Shoko Asahara, the founder of the doomsday cult AUM Shinrikyo could escape punishment for masterminding the cult's crimes on the grounds that he is mentally unstable, the Mainichi has learned.
Asahara is on trial in the Tokyo District Court on 13 charges, including some relating to AUM's infamous Tokyo subway poison gas attack that killed 12 people, and other crimes.
His defense lawyers have asked that the guru undergo psychiatric tests and are expected to argue that Asahara has suffered a mental disorder due to his long-term detention.
If Asahara is proven to be mentally incapacitated, he will, under the Code of Criminal Procedure, escape punishment for the 13 charges, including murder. But if he is found to have feigned mental illness, his defense will suffer a body blow. "It can save or finish (Asahara)," a member of the defense team admitted.
Asahara's trial will be halted for about six months if the court grants the lawyers' request, made nearly four years after the start of Asahara's trial.

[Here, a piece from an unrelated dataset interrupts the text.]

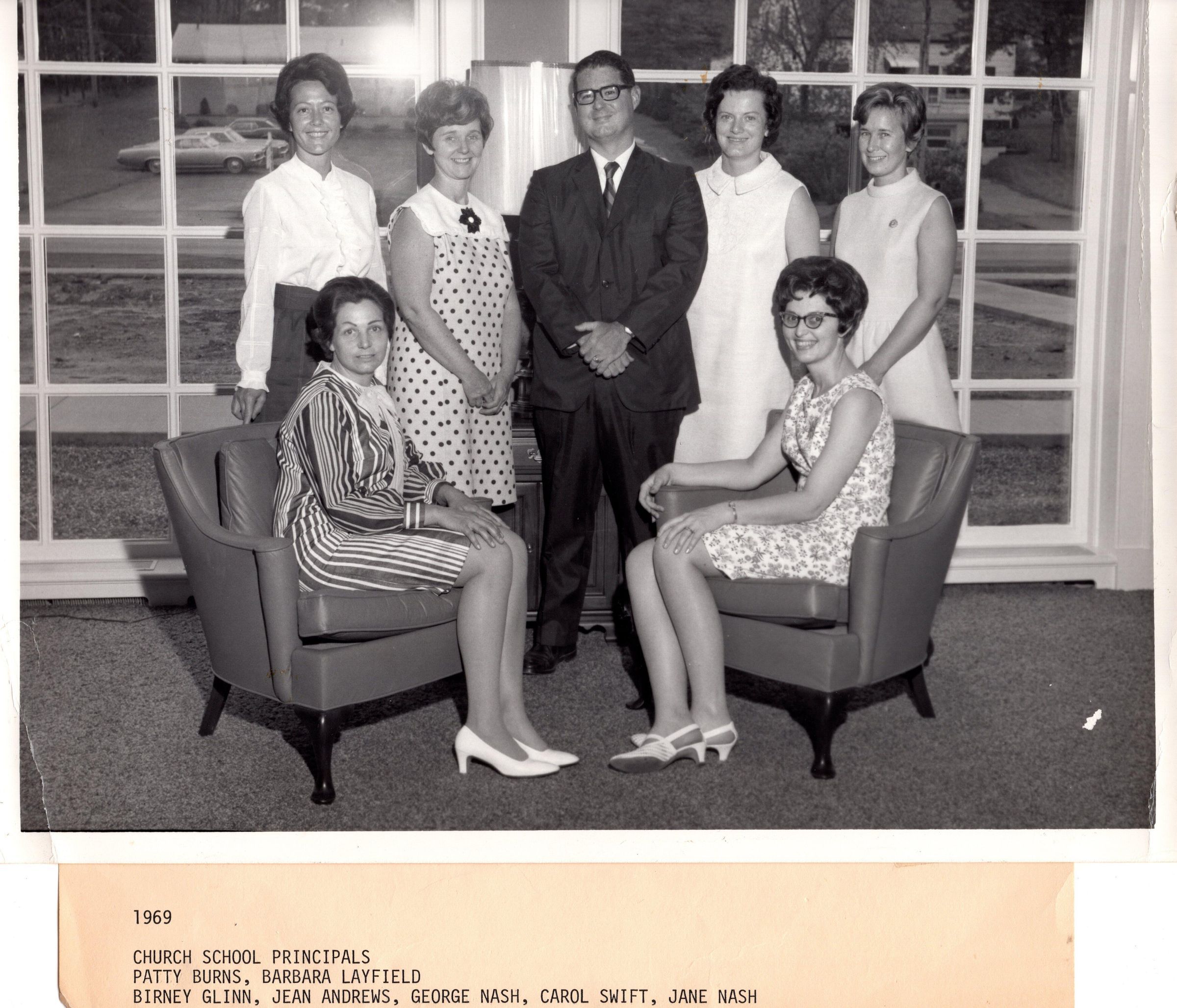 Church School Principles 1969: Patty Burns, Barbara Layfield, Birney Glinn, Jean Andrews, George Nash, Carol Swift, Jane Nash
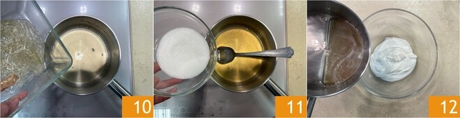 Erhitzen Sie den Likör und fügen Sie die abgetropfte Gelatine hinzu 10; gut umrühren, um sie aufzulösen, dann den Zucker hinzufügen und warten, bis er vollständig aufgelöst ist. Gießen Sie die Mischung in eine Schüssel, in die Sie bereits den Joghurt gegeben haben 12.

The lawyers have been criticized for apparently prolonging the trial after the courts found Asahara, whose real name is Chizuo Matsumoto, responsible for the AUM attacks during the trials of other cult members.
The guru has blamed his disciples for the offenses. Coinciding with the time that his trusted disciples were in turn pointing the finger at their guru during their respective trials, from around the autumn of 1996, Asahara increasingly began to act erratically in the court. His lawyers said they had been unable to fully communicate with him from around April 1997 and his mental state had reached the point where he should undergo psychiatric testing.
"It is impossible to judge whether he is capable of recognizing his current position and is fit to stand trial without undergoing expert analysis," one of the defense lawyers said.
In preparation for making the request, the lawyers have asked the court to inform them how Asahara is spending his time in his cell. The Tokyo Detention Center replied that there is nothing remarkable about his conduct.
It is likely that the defense team will file the request following the conclusion of prosecutors' arguments. Hideo Hosaki, a top psychiatrist who examined pedophile serial killer Tsutomu Miyazaki, said that the results of mental tests may trigger another round of endless debate in the court.
"You have to study everything about his behavior, not only his conduct in the courtroom but how he behaves in the detention center, to see whether he is mentally affected by his life in custody," Hosaki said.
"Moreover, he is a guru, and his background totally differs from that of normal persons on which medical judgements are based on. Whatever the result, it is a distinct possibility that the trial will run on and on."
Makoto Oda, a professor at International University of Health and Welfare in Tochigi Prefecture who examined an accused AUM member, believes Asahara should undergo the tests.
"I've heard a rumor that Matsumoto once asked his lawyers if it is possible to escape prosecution by feigning a mental disorder. So, if the mental examination can clear things up, it must be done," Oda said.